Taylor Swift: I have to stop myself from thinking about how many aspects of technology I don't understand.
Bob Lefsetz: We live in a multifarious world where we come together on so few things. Taylor Swift is a rallying point, someone we can talk about, but it's got nothing to do with her music and everything to do with the publicity. Selling a million copies a week in a country of 300 million people is a blip on the radar screen, but owning the news cycle, even trumping the World Series, is priceless.

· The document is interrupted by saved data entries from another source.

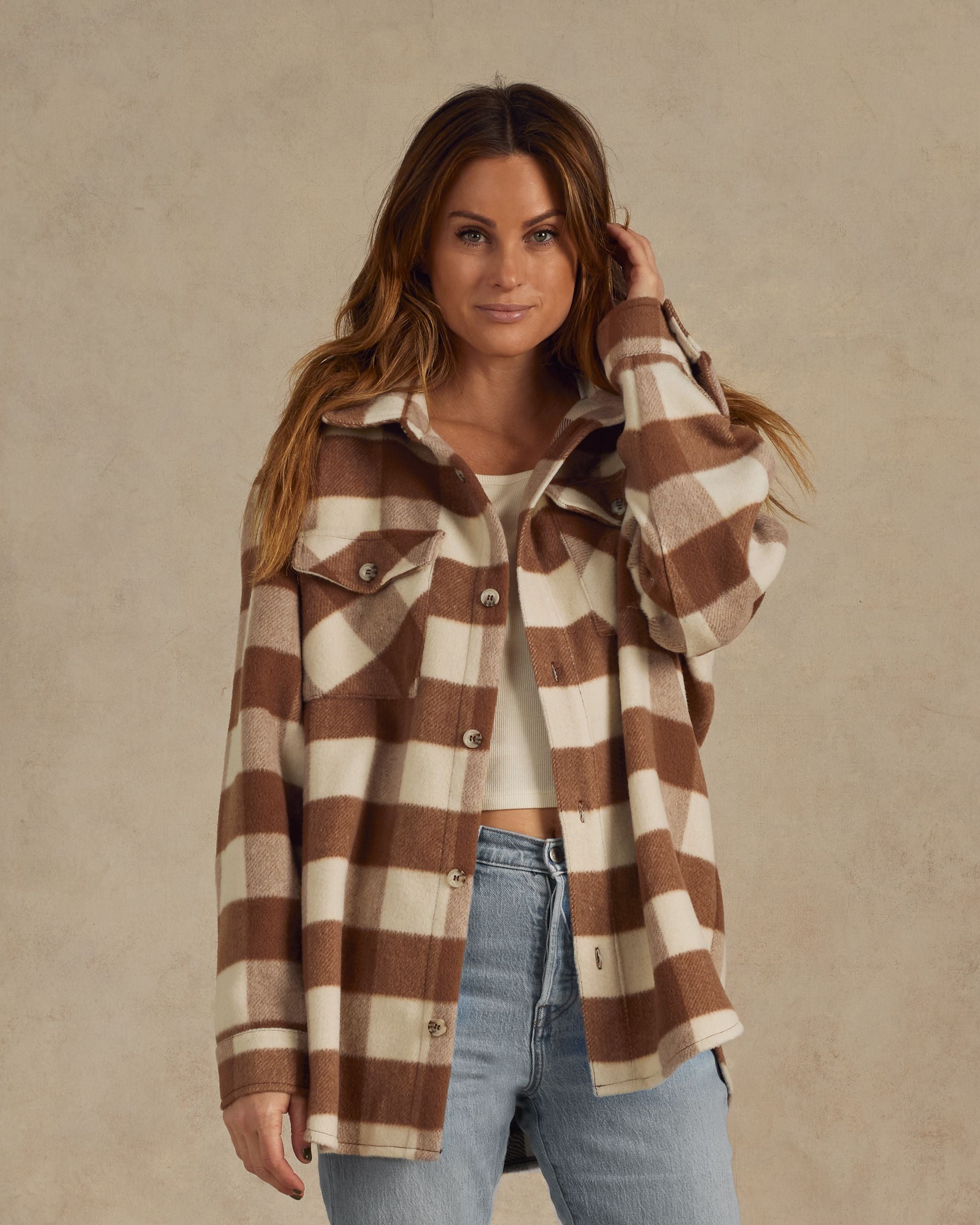 A curved bottom hem, front flap pockets, and relaxed fit, make this Cedar and Ivory Check Shacket your new everyday essential.
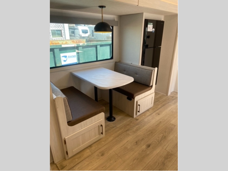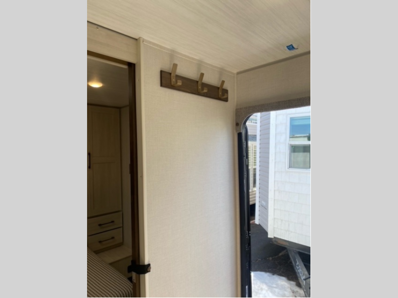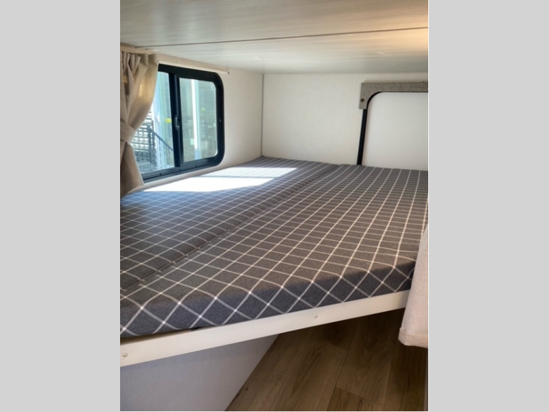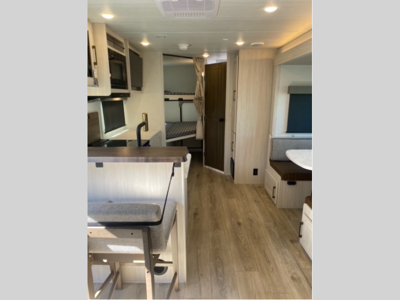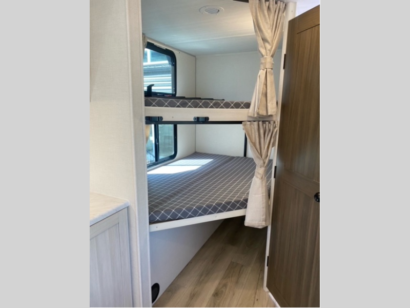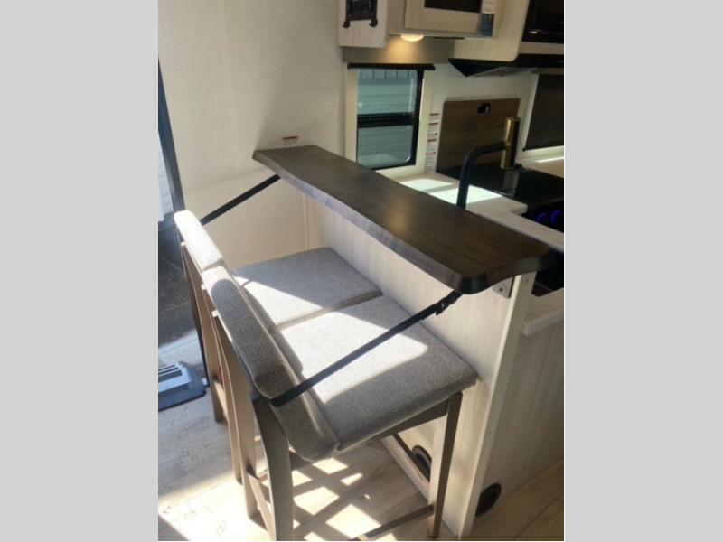 Every trip to the campground will be spent in comfort with this single slide out travel trailer. Once you arrive at the site, remove the kayaks or bikes from the rear storage door, start lunch on the outside kitchen, and put out the 15' power awning with LED lights. The interior includes a booth dinette slide with storage, a bar top with stools, plus an HD TV for movie nights. After a day of fun, head to the front private bedroom for a great night's rest on the queen bed, and you can store your belongings in the dual bedroom wardrobes!
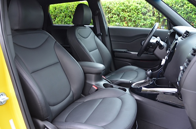 My Solar Yellow road trip Soul was the Exclaim model with a base MSRP of $20,300. Standard on this model are lots of comfort, convenience and safety features that we have come to expect in nearly every vehicle segment today. Niceties like 10-way power driver’s seat, leather wrapped steering wheel, power-folding outside mirrors that have a city-friendly setting to fold-in every time you lock the car, a cooled glove box, and on the outside LED daytime running lights and unique headlights.
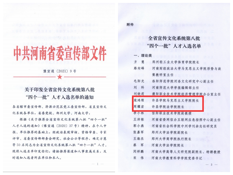 近日,中共河南省委宣传部公布了全省宣传思想文化系统第八批“四个一批”人才的评选结果,由365官网推荐的马克思主义学院寇鸿顺教授、法学院周耀宏教授入选理论类人才。

Alice Gregory: Sitting here, in this echoing vault of capitalism, I am less confused about the price of a good than I've ever been. And while I'm reluctant to glorify the dignity of manual labor, romanticize agrarian enterprise, or oversimplify a dense matrix of activity, the whole operation seems refreshingly straightforward. It makes me wonder whether the much-maligned, all-purpose nostalgia that's rampant among city-dwelling young adults -- the pickles, the flannel, the rye-based cocktails -- is really a kind of mass intellectual crisis: an allergy to economic abstraction.
Ulrik Sanders: There's too much capacity in the market and that drives down prices. From an industry perspective, it doesn't make any sense. But from an individual company perspective, it makes a lot of sense. It's a very tricky thing.
Venkat Rao: The fact that the phrase itself -- an economics of pricelessness -- likely sounds like a profane contradiction in terms suggests it is the right direction to explore.